In a similar way, I fear for my sons' lives as young black men growing up today, and I'm grateful that the faith community, standard-bearer civil rights organizations, and the new and emergent voices for justice in the black community are working to make this life safer for my sons. But what about my daughter?

If Black Lives Matter, then it should mean all black lives. Trinity is a trans girl and will one day be a trans woman of color. I don't want her to be a statistic. There are hopeful signs -- especially from the emerging, dynamic movements like Black Lives Matter -- but the silence around the murder, rape, and assault of these young black women from the larger community is deafening.

Meet My Child is our first step towards changing attitudes about the trans community as a whole, with trans people of color at the center.

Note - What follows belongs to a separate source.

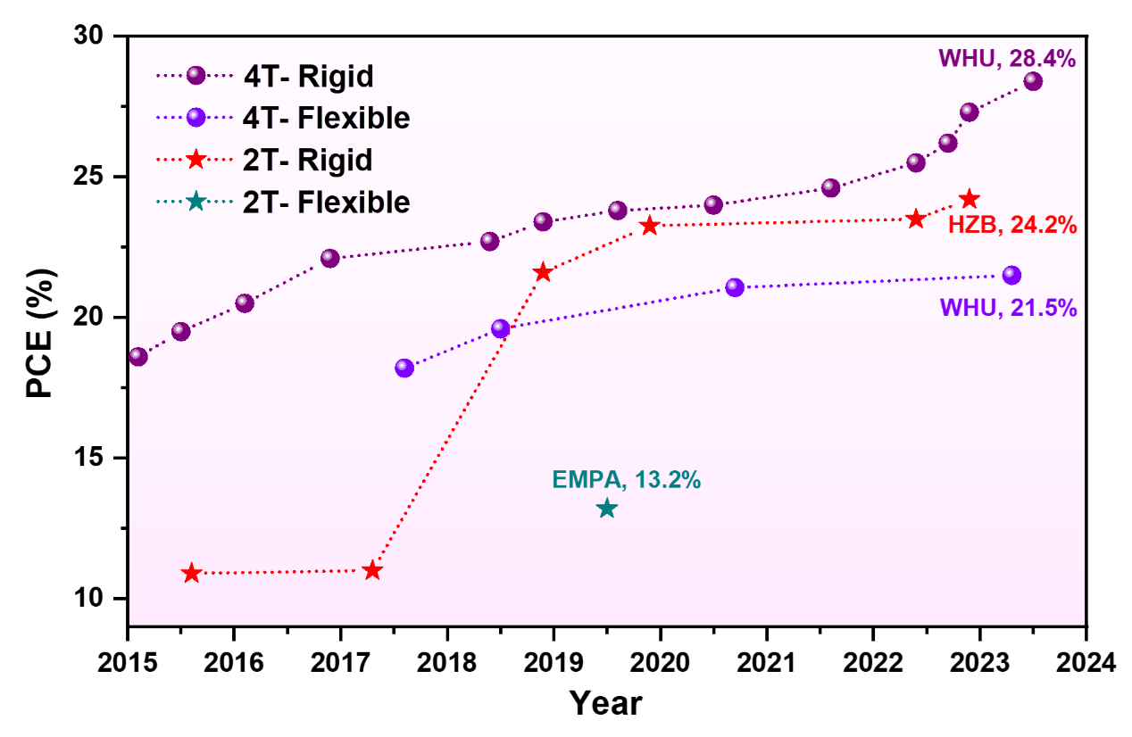 图2.刚性/柔性钙钛矿/CIGS叠层电池效率发展折线图
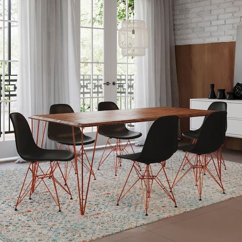 Mesa Sala De Jantar Industrial Clips Amêndoa 135x75 6 Cadeiras Eiffel Pretas De Ferro CobreO Jogo de Mesa 6 Cadeiras Eames Clips se destaca pelo design moderno e sofisticado. A Cadeira Eames Eiffel é confeccionada em polipropileno, sua base é em ferro, o que confere total resistência e conforto. O Jogo de Mesa 6 Cadeiras Eames Clips da vida ao ambiente além de combinar com todos os tipos e cores de móveis.CARACTERISTICAS CADEIRATipo: CadeiraModelo: EiffelCor: AmendoaBase: Ferro na cor CobreDIMENSÕES DO PRODUTOAltura: 85 cmLargura: 47 cmProfundidade: 50 cmAssento x Chão: 45 cmContém: 06 cadeirasCARACTERISTICAS MESATipo: MesaModelo: ClipsCor: PretoBase: Ferro na cor CobreDIMENSÕES DO PRODUTOAltura: 76cmLargura: 135cmProfundidade: 75cmObs: Imagens Meramente IlustrativaMesa Sala de Jantar Industrial Clips AmÃndoa 135x75 6 Cadeiras Eiffel Pretas de Ferro Cobre

The response to Meet My Child has been amazing. Hundreds of thousands have seen it online, and we hope to get it to even more people via media buys. But already, people of all walks of life are reaching out and sharing with their family and friends. They are seeing they aren't alone in this fight, and anti-trans individuals are seeing that we will stand up for our children no matter what. We will speak out against bigotry.

I know that there are people in the African-American community who have seen this, seen me and my child, and are now able to say, "I can support you because love always wins." They see us. We are no longer a "them" or "other." No longer an abstraction.

We've got a long way to go; we are not naive. But I have hope that my child's future will be a happy and healthy one. I'm doing my part now, by advocating and speaking out, but I can't do it alone. This video is a call to action to allies of the transgender community as well as trans people, but most of all to families of color who are still hiding in the shadows of fear of what those around them may say or think. Don't worry. They are not as important as your child's knowing you stand with them no matter what. If we are to be a village and stand strong in the face of oppression, the same way blacks do during times of injustice, we have to come together and fight.

Trans United Fund is an organization that is working to become a platform for change by giving parents like myself a means to speak. I'm thrilled to be a part of it. Our contribution to the trans community is making waves already, and I can only imagine, with such a powerful start, what we will plan next. The Trans United Fund will shows us as real people in all our rich diversity, which is exactly what the world needs to see. I'm proud to be part of this great organization and the opportunity to join with trans leaders and families like mine to change the world.

DESHANNA NEAL lives in Delaware with her husband and four children. She's a homeschooler, writer, and advocate. DeShanna is one of the leaders of Trans United Fund Families, recruiting, connecting and empowering all trans people and their families, particularly families of color.